A confidential source with access to BSNL records said that the number in question was registered in the name of Justice Mishra from September 18, 2010 to September 19, 2018.
Since the true utility of Pegasus is that it grants the official agency using its access to encrypted communication that ordinary interception does not enable, The Wire, as part of its verification process, asked the retired judge if he had continued to use WhatsApp or other messaging apps on his phone even after giving up the number. “The number +9194XXXXXXX is not with me since 2013-2014. I don’t use this number,” he replied.

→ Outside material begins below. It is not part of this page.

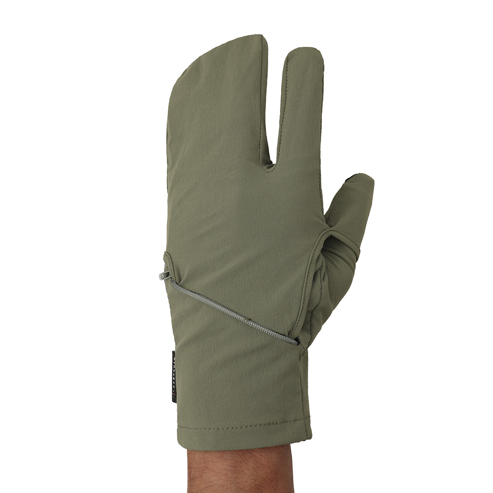 ・手の甲に収納可能なソフトシェルのトリガーミトン

Justice Mishra – who is now chairman of the National Human Rights Commission – subsequently clarified that he had “surrendered the number on April 21, 2014”. Why this number was added to the database in 2019 by an India-based Pegasus operator is not clear.
Traces of Pegasus-associated activity in phone Christian Michel’s lawyer
Among the dozen or so lawyers across the country who appear on the database – some of whom are involved in human rights-related cases – are at least two who were representing high profile clients at the time their numbers appear in the list of surveillance probables.
Fugitive diamantaire Nirav Modi’s counsel, Vijay Agarwal, was added to the database in early 2018, after he signed on his controversial client, as was a number used by his wife. Neither of their phones was available for forensic examination.